DATA:
□ □ □

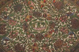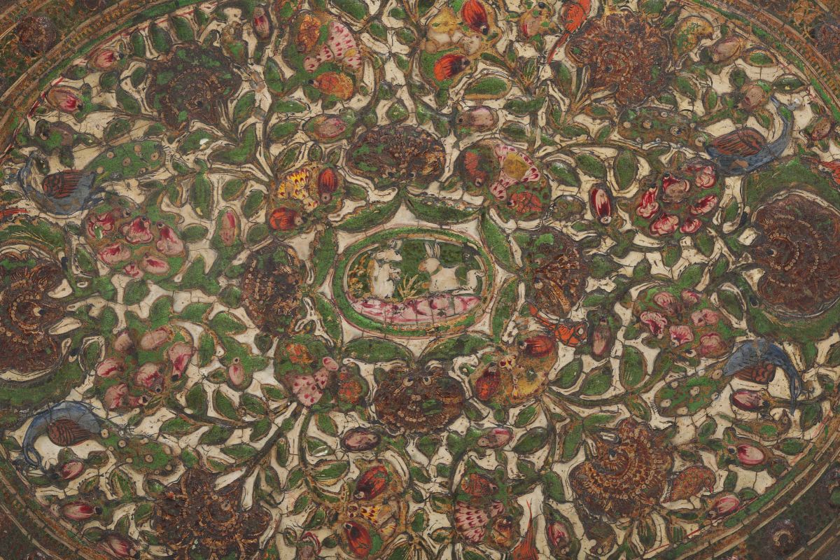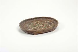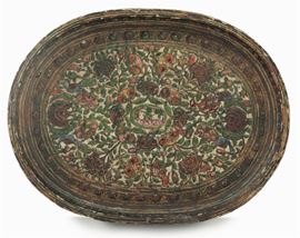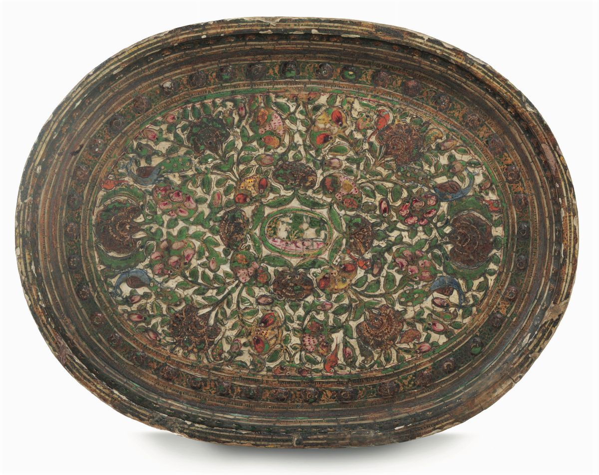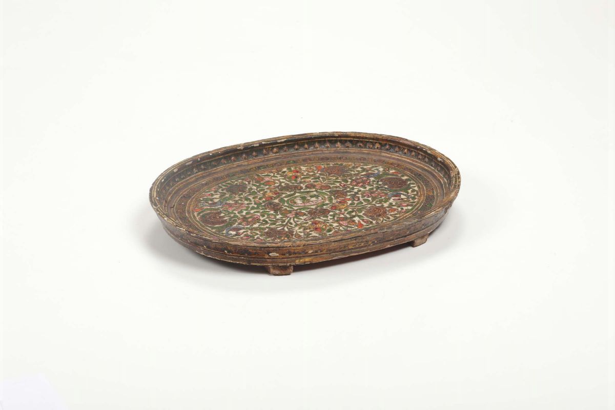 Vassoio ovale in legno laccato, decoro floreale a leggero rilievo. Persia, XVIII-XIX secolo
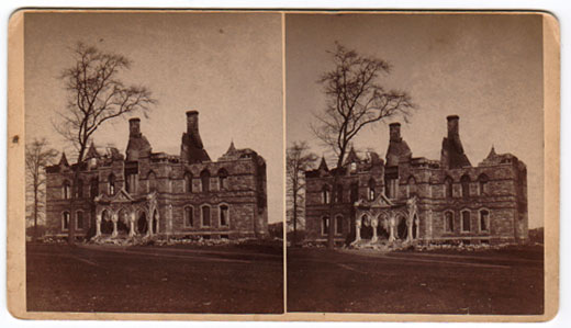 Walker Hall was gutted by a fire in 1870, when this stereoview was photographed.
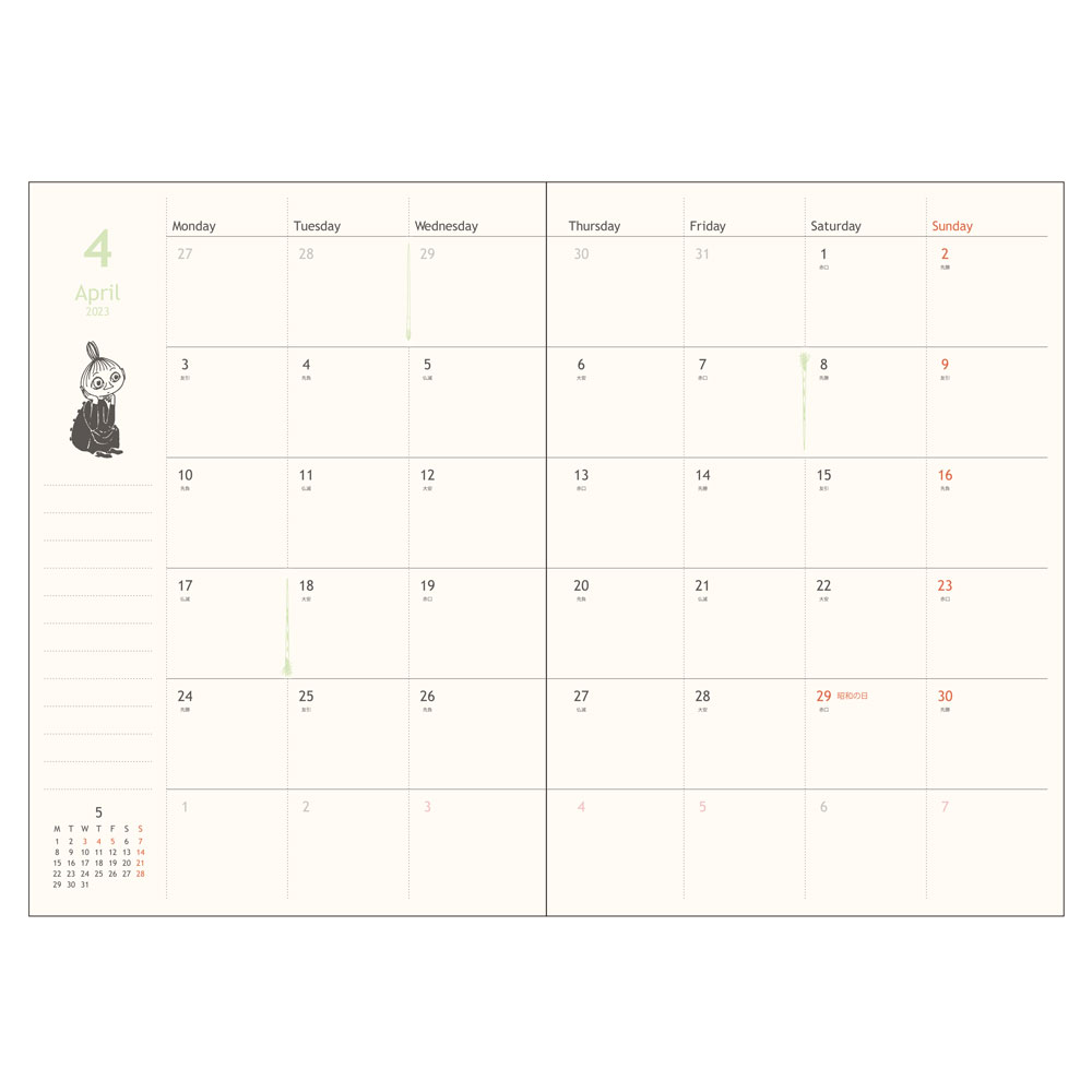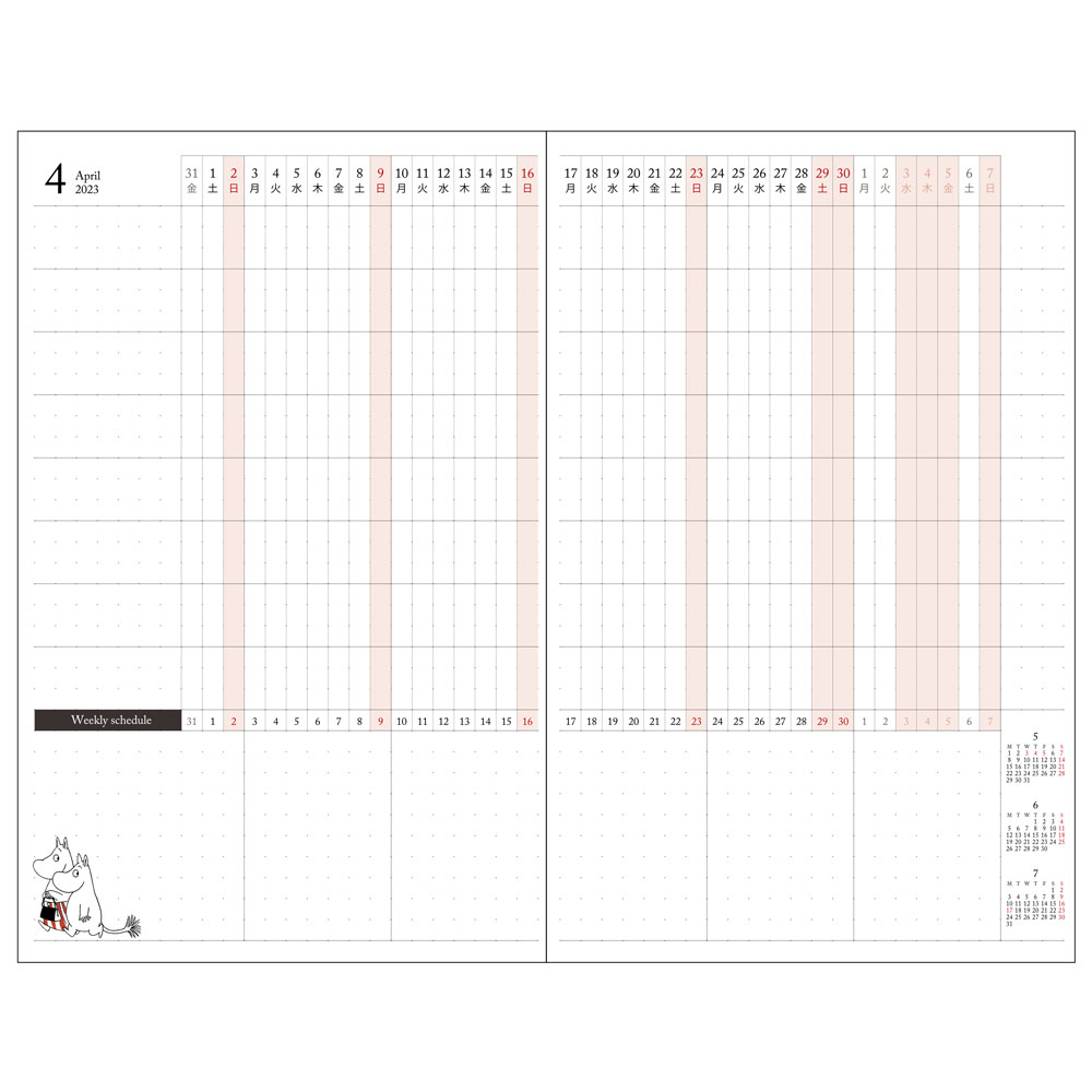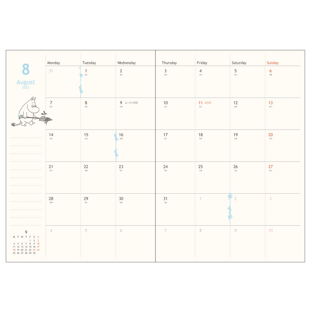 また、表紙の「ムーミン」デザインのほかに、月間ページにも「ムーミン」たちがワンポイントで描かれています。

□ □ □

TASK DETAILS: Would you output, word for word, only the lines running from the line with "Walker Hall was" to the end of the listing above, both ends included, with no pictures?

ANSWER SECTION:
 Walker Hall was gutted by a fire in 1870, when this stereoview was photographed.
 また、表紙の「ムーミン」デザインのほかに、月間ページにも「ムーミン」たちがワンポイントで描かれています。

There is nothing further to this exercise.